The two periods of life when the brain grows most quickly are infancy and adolescence.  While during infancy, the brain’s growth is towards sensation and perception, during adolescence, the brain is growing towards using logic and abstract thought.  It does this by developing links with the prefrontal cortex. The prefrontal cortex is the area of the brain responsible for decision making and sentience.  This brain area also plays a large role in interpreting reality.  For teens, this area of the brain is largely underdeveloped.

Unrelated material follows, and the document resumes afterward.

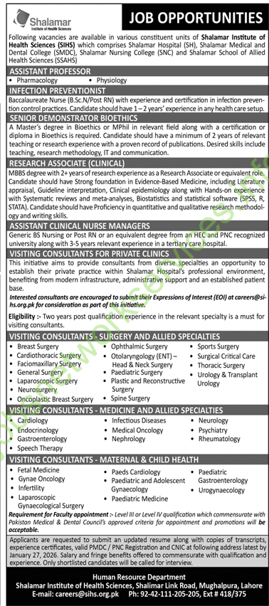 Shalamar Institute of Health Sciences SIHS Jobs 2026 at Lahore
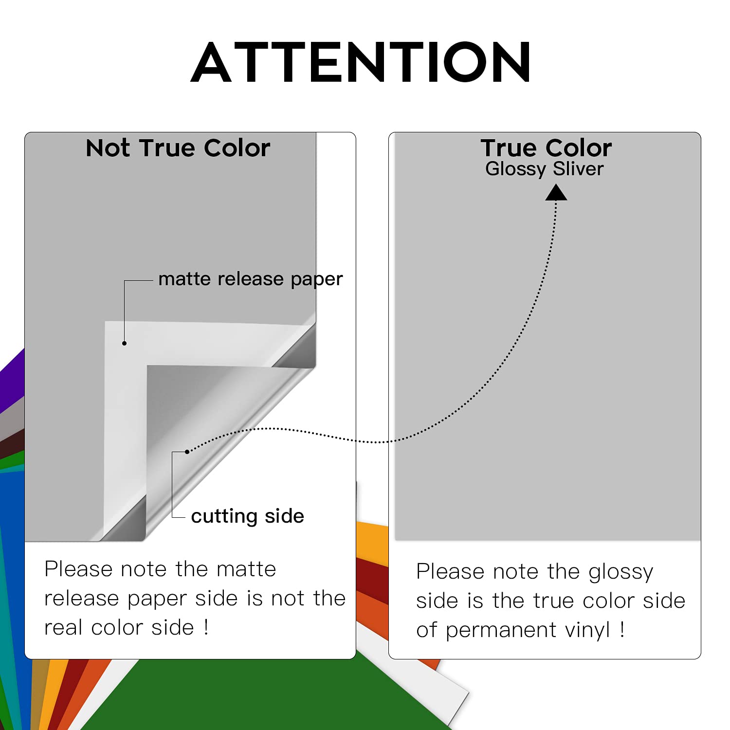 👕 Clear PET Backing 👕 - NOTE: The real color of our vinyl is the opposite of pet backing! Say goodbye to paper backing, which sticks to mat and ruin your design. Using our silver permanent vinyl with PET backing, you will not need to clean your mat and worry about project damage. No more cheap paper backing ruining and separating from the vinyl for cutting machine in the cutting process. Our PET backing is the ultimate answer to your woes.

The yellow area is the prefrontal cortex

The yellow area is the prefrontal cortex

Because of the underdeveloped nature of the prefrontal cortex, other areas of the brain take over.  Namely, the hypothalamus ends up playing a large role in emotional management and decision making.  This primative part of the brain, home of the fight or flight responses is what responds when teens are faced with emotionally-charged or challenging situations.  They are learning to use their more throughtful prefrontal cortexes, but they are not fully operational yet.  That is part of the reason why a teenager may go from calm to explosive quickly with a disproportionate trigger.*

The underdevelopment of the prefrontal cortex has also often been blamed for adolescent impulsivity.  Biologically, it is more difficult for teens to regulate some of their decisions.  However, a recent study put out by the Society for Research in Child Development found that some of the decisions teens make are more related to sensation seeking than a lack of self control or impulsivity.

One conclusion I come to from this study is the importance of having opportunities for teens to engage in “safe risk.”  Some possible opportunities that come to mind include: rock climbing, service projects in a different environment and wilderness camping.  Those activities in particular serve a dual purpose of not only using adolescent sensation seeking for positive experiences, but also building self esteem and self reliance.  What do you conclude from the role that sensation seeking plays in seemingly impulsive behaviors?

*Note: The underdeveloped nature of the prefrontal cortex does not justify violent or abusive behavior.  If you know a teen who consistantly demonstrates disproportationate and aggressive responses, please seek help from a professional.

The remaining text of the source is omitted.